La revoca dell'aggiudicazione è legittima se l'operatore economico non presenta tempestivamente un Piano Operativo di Sicurezza (POS) conforme, poiché tale inadempienza e i ritardi documentali indicano inaffidabilità, giustificando il ritiro in via cautelativa, specialmente in appalti d'urgenza. Il mancato adempimento di obblighi propedeutici alla stipula, come il POS, legittima l'Amministrazione alla revoca.  

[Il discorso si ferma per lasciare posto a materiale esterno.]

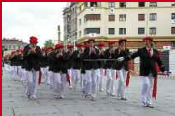
Ama Xantalen konpainia, San Juan plazara sartzen.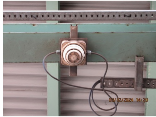
ภาพถ่ายที่ 2.2.2-58 เครื่องตรวจจับก๊าซไวไฟ (Flammable Gas Detector)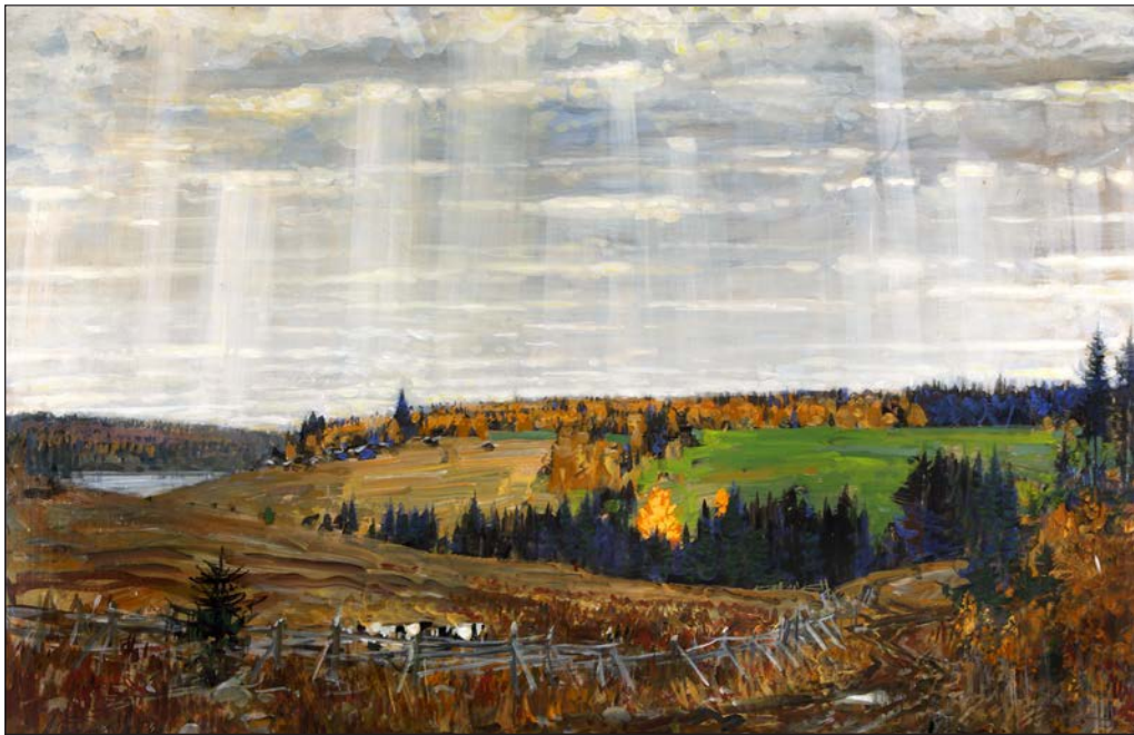
Народный художник России Михаил Абакумов . Торжественная осень

В пейзаже «Торжественная осень» Михаил Георгиевич Абакумов изображает ту же местность, что и в этюде «Светлый день», но берёт дальнюю точку обзора. На переднем плане появляется пастбище с коровами, формат чуть шире, и уже больше виднеется водоём вдали. Тот же вид, но другое время года и совсем иное настроение. Косые склоны уводят взгляд зрителя к озарённому солнцем холму, где над сизыми избами золотится осенний лес, а жухлая трава контрастом оттеняет свежую зелень озимых. Но самое главное в картине – это свет. Он потоками льётся сквозь облака, освещая и освящая русскую землю.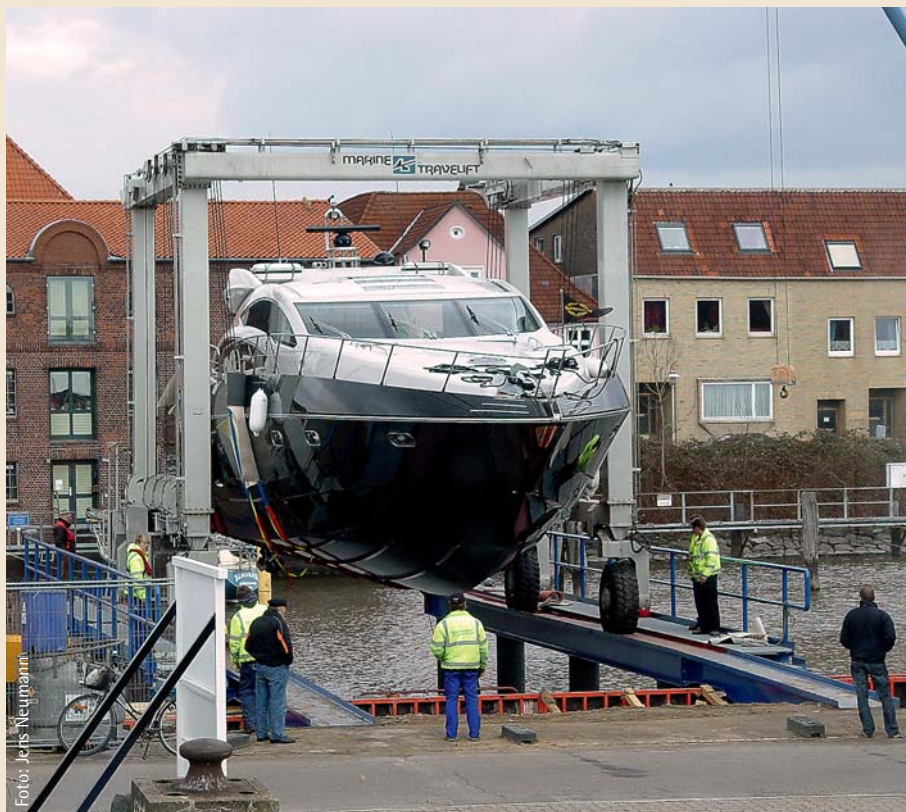
Bewährungsprobe bestanden: Der neue Travellift der Yachtwerft Glückstadt kann bis zu 50 Tonnen schwere Schiffe – hier eine Motoryacht vom Typ „Sunseeker Predator 74“ – aus dem Wasser heben.

Für die Yachtwerft ist der Travellift eine Investition in die Zukunft. „Wir rechnen damit, zusätzlich zum jetzigen Geschäft größere Yachten zu bekommen“, betont Falck. Zwei Ausbildungsplätze zum Bootsbauer hat der Betrieb mit 20 Mitarbeitern bereits neu geschaffen. Winterlager, Wartung und Reparatur sind die Hauptsäulen der Firma. So hat die Yachtwerft mit einem Jahresumsatz von knapp zwei Millionen Euro auch die weltweite Wirtschaftsflaute sicher umschiffen können. Falck: „Die Leute haben sich keine neuen Schiffe gekauft, sondern in ihre fahrenden Schiffe investiert.“ Jens Neumann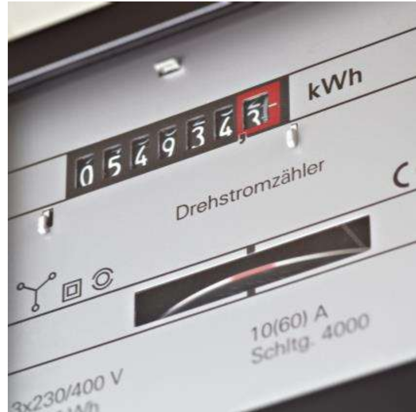
Umsetzungsanreiz ab 50'000 kWh

  • Approfondimento sugli indici di inaffidabilità
  • Indennizzo per revoca
  • Sospensione cautelativa dell’Operatore Economico
  • La sintesi della decisione

Approfondimento sugli Indici di inaffidabilità

Corre altresì l’obbligo di evidenziare come ritardi e comportamenti non collaborativi dell'aggiudicatario tra la fase di aggiudicazione e la stipula del contratto, in particolare se ritardano servizi urgenti, costituiscano indici di inaffidabilità. Tali condotte, confermando l'assenza di cooperazione, legittimano la revoca della aggiudicazione secondo la giurisprudenza amministrativa. Inaffidabilità: Il comportamento non collaborativo nel fornire la documentazione necessaria è un chiaro indice di inaffidabilità. Revoca dell'aggiudicazione: I ritardi nelle attività preliminari, specialmente in casi di urgenza, sono sufficienti a giustificare da soli la revoca del provvedimento di aggiudicazione.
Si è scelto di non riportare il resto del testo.